Учёный одарил меня испепеляющим взглядом:

— Конечно.

— Давай медленно облетим вокруг, — обратился я к Медее.

Мы вытянули шеи, всматриваясь в лобовое стекло гондолы, шаря множеством прожекторов вверх и вниз, чтобы разглядеть, что скрывается в непроницаемой тени пещерных стен.

— Что там? Туннели?

— Судя по показаниям ауспекса, их протяжённость может составлять несколько сотен метров. Боже-Император, похоже, они невероятно древние! — Медея вытерла струйку пота, заливавшего глаза.

— А что прожектора высветили вон там?

Эмос поглядел туда, куда я указывал.

— Миндалины, — ответил он. — Впадины, заполненные кварцем или другими вторичными полезными ископаемыми.

— Ясно, — кивнула Медея, отвинчивая крышку на фляге с водой. — Раз уж ты все знаешь, то что вот это такое?

Она показала на совершенно круглое отверстие, вырезанное в камне дальней стены. По моим прикидкам, длина его диаметра приближалась к тридцати метрам.

— Ну, я… очень странно, — забормотал обескураженный Эмос.

— Подойди ближе, — приказал я. — Это искусственное образование. Форма слишком правильная.

— Что, чёрт возьми, могло проделать такую дыру? — недоумевала Медея, направляя судно внутрь туннеля.

— Промышленный бур мог бы…

— Так глубоко? Настолько далеко от шахт? — Я прервал Эмоса на полуслове. — Посмотрите на это. На такой глубине могут функционировать только герметично закрытые машины, вроде нашей гондолы.

— И то с трудом, — зловещим тоном прокомментировала мои выводы Медея.

Она не сводила глаз с показателей герметичности корпуса. Янтарные руны то вспыхивали, то выключались.

— Глубоко, — сказал я, глядя на дисплей с показаниями передних сканеров. — Уходит настолько, насколько мы можем просканировать и дальше, при этом сохраняя форму и размеры.

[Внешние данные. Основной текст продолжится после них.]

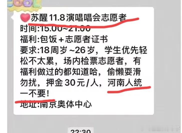 如果像这个博主说的是真的,陆虎的心情应该不会太好,不是和嘘嘘感情不好,也不是写歌出现瓶颈期,而是他的好兄弟苏醒被博主曝光演唱会志愿者特意注明不要河南人。
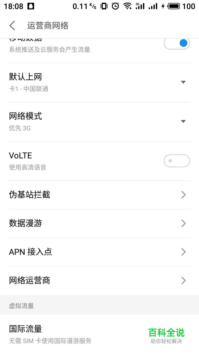 进入手机系统设置界面,在选项中点击“运营商网络”
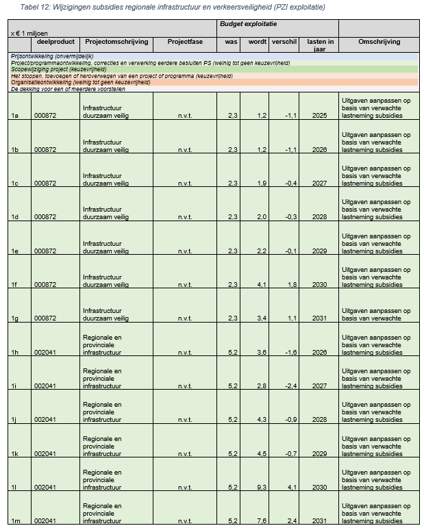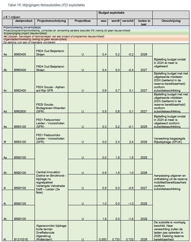 Een deel van fietsprojectsubsidies binnen het PZI zijn gedekt met exploitatiemiddelen vanuit de reserve bereikbaarheid. Wanneer de subsidies daadwerkelijk worden verleend kan het betalingsritme afwijken van wat er in de begroting is opgenomen. Dit betekent dat de begroting hierop moet worden aangepast en ook dat de onttrekking vanuit de reserve kan wijzigen. Dit zijn budget neutrale wijzigingen van de begroting. Daarnaast is voor het project Fietscorridor Leiden – Voorschoten (snelfietsroute) een Rijksbijdrage afgesproken van € 2,4 miljoen als onderdeel van de Tijdelijke stimuleringsregeling slim, veilig, doelmatig en duurzaam gebruik van mobiliteitsinfrastructuur 2023–202. Deze bijdrage zal via een SPUK worden uitgekeerd. Daarop wordt de begroting nu aangepast. De provinciale bijdrage zal samen met de Rijksbijdrage als subsidie worden uitgekeerd aan de gemeente (uitvoerder project).

— Но он же прорезан в вулканической породе, сорок километров батолита! Это же цельный антрагат! — В слабом старческом голосе Эмоса зазвучали нотки смущения.

— Я улавливаю толчки, — внезапно произнесла Медея.

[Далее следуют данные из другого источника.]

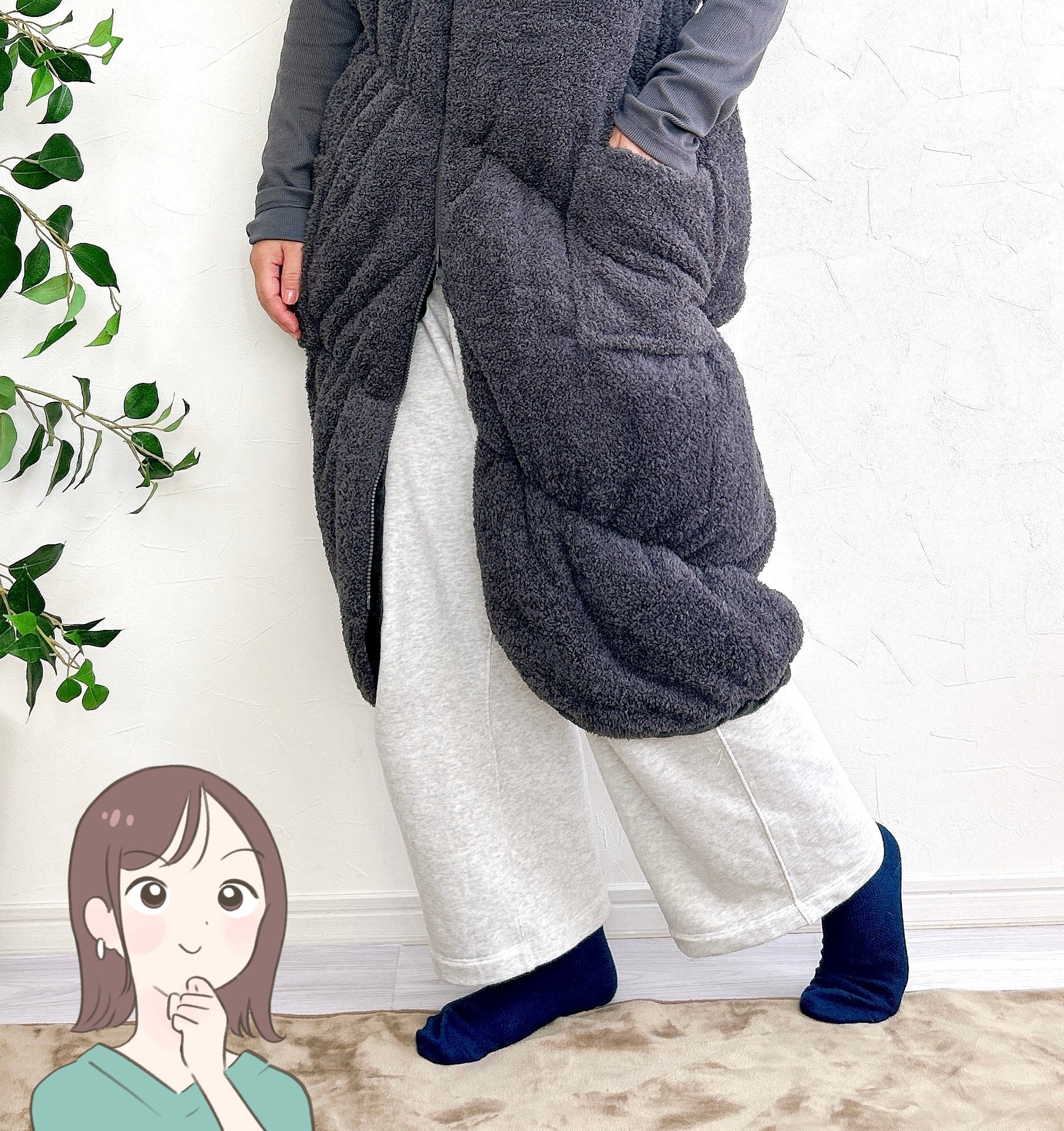 また生地は伸縮性があって、男女で着用できるのも嬉しい。裾はゴムでギュッとすぼまっているから下からの冷気も入りにくくなっています。

Иглы на вращающемся сейсмографе дёргались уже больше часа, поскольку на этой глубине подземная поверхность не была стабильной. Но сейчас они просто обезумели и метались из стороны в сторону.

— В них есть ритм, — сказал Эмос. — Это не тектонические толчки. Слишком регулярные… почти механические.

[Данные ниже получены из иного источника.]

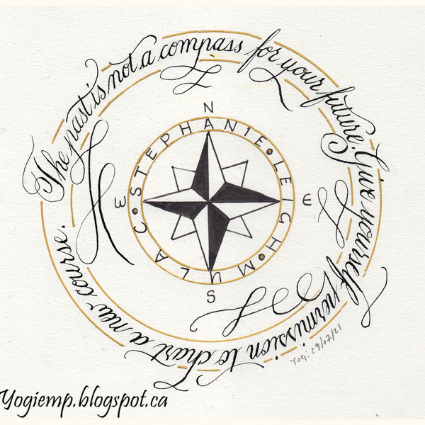 not On Bee Super Deluxe paper, drew my circle and wrote out the circles with a pointed nib in a Copperplate style with Sumi ink. Added the flourishes and the gold pen circles and design element. Quote: The past is not a compass for your future. Give yourself the permission to chart a new course. Stephanie Leigh Mulac |

Я задумался на мгновение, прикидывая варианты.

— Отправляемся вглубь шахты, — решил я.

Медея посмотрела на меня так, словно надеялась, что ослышалась.

— Полетели.

Прорезанная в вулканической породе шахта оказалась настолько идеально круглой, что становилось страшно. Стремительно спускаясь по этой трубе, мы увидели, что внутренняя её поверхность была оплавлена и казалась покрытой каменными потёками с прорубленными в них расходящимися бороздами.

— Это сделано плазменным буром, — сказал Эмос. — И, что бы ни пробивалось здесь, его конечности оставили следы на стенах до того, как те остыли и затвердели.

Труба иногда изгибалась змеёй, но сохраняла цилиндрическую форму. Повороты были длинными и плавными. Несмотря на это, Медея всё равно осторожничала, входя в них. Сейсмограф продолжало трясти как в лихорадке.

Я извлёк галоперо и приписал одну фразу под схемой распечатки.

— Ты не мог бы преобразовать это в простой машинный код? — попросил я Эмоса.

— Кхм… — Он посмотрел на запись. — Vade elquum alatoratha semptus… У тебя хорошая память.